We are using elasticsearch 1.4.2 with Spring data. TransportClient object is used to establish connection, execute the query and fetch results (only search requests).
Following code closes connection:
//There is an instanceof test above this block so no class cast exception here
((TransportClient)element.getObjectValue()).close();
((TransportClient)element.getObjectValue()).threadPool().shutdownNow();
Sometimes, we get the following exception while executing the query or closing the connection:
org.elasticsearch.common.util.concurrent.EsRejectedExecutionException: rejected execution (shutting down) on org.elasticsearch.transport.netty.NettyTransport$2@489e4aa5
//Long stack trace
However, this is intermittent, but the main issue is, after some hours (or days), the application completely hangs, (resulting in some 110% CPU and 80% memory) and all the upcoming search requests fail with 'Too many open files' exception. Below is the stack trace:
org.elasticsearch.common.netty.channel.ChannelException: Failed to create a selector.
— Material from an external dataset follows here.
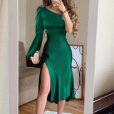 Casual Rhinestone Long Sleeved Tight Fitting Dress

at org.elasticsearch.common.netty.channel.socket.nio.AbstractNioSelector.openSelector(AbstractNioSelector.java:343)
at org.elasticsearch.common.netty.channel.socket.nio.AbstractNioSelector.<init>(AbstractNioSelector.java:100)
at org.elasticsearch.common.netty.channel.socket.nio.AbstractNioWorker.<init>(AbstractNioWorker.java:52)
at org.elasticsearch.common.netty.channel.socket.nio.NioWorker.<init>(NioWorker.java:45)
at org.elasticsearch.common.netty.channel.socket.nio.NioWorkerPool.createWorker(NioWorkerPool.java:45)
at org.elasticsearch.common.netty.channel.socket.nio.NioWorkerPool.createWorker(NioWorkerPool.java:28)
at org.elasticsearch.common.netty.channel.socket.nio.AbstractNioWorkerPool.newWorker(AbstractNioWorkerPool.java:143)
at org.elasticsearch.common.netty.channel.socket.nio.AbstractNioWorkerPool.init(AbstractNioWorkerPool.java:81)
at org.elasticsearch.common.netty.channel.socket.nio.NioWorkerPool.<init>(NioWorkerPool.java:39)
at org.elasticsearch.common.netty.channel.socket.nio.NioWorkerPool.<init>(NioWorkerPool.java:33)
//many more
Caused by: java.io.IOException: Too many open files
at sun.nio.ch.EPollArrayWrapper.epollCreate(Native Method)
at sun.nio.ch.EPollArrayWrapper.<init>(EPollArrayWrapper.java:87)
at sun.nio.ch.EPollSelectorImpl.<init>(EPollSelectorImpl.java:68)
We tried to get thread dump before restarting the api. Below stack trace appeared in it:
Thread 12480: (state = BLOCKED)
java.util.concurrent.FutureTask.<init>(java.lang.Runnable, java.lang.Object) @bci=5, line=92 (Compiled frame)
java.util.concurrent.ScheduledThreadPoolExecutor$ScheduledFutureTask.<init>(java.util.concurrent.ScheduledThreadPoolExecutor, java.lang.Runnable, java.lang.Object, long) @bci=8, line=207 (Compiled frame)
java.util.concurrent.ScheduledThreadPoolExecutor.schedule(java.lang.Runnable, long, java.util.concurrent.TimeUnit) @bci=33, line=527 (Compiled frame)
org.elasticsearch.threadpool.ThreadPool.schedule(org.elasticsearch.common.unit.TimeValue, java.lang.String, java.lang.Runnable) @bci=37, line=245 (Compiled frame)
org.elasticsearch.client.transport.TransportClientNodesService$ScheduledNodeSampler.run() @bci=41, line=323 (Compiled frame)
java.util.concurrent.ThreadPoolExecutor.runWorker(java.util.concurrent.ThreadPoolExecutor$Worker) @bci=95, line=1145 (Compiled frame)
java.util.concurrent.ThreadPoolExecutor$Worker.run() @bci=5, line=615 (Interpreted frame)
java.lang.Thread.run() @bci=11, line=724 (Interpreted frame)
There were 93 such threads in blocked state which caused the application to fail. This has happened multiple times, however we are not able to nail down the root cause.
We don't have any thread pool limit placed on ES node. Don't know whether that would improve the situation.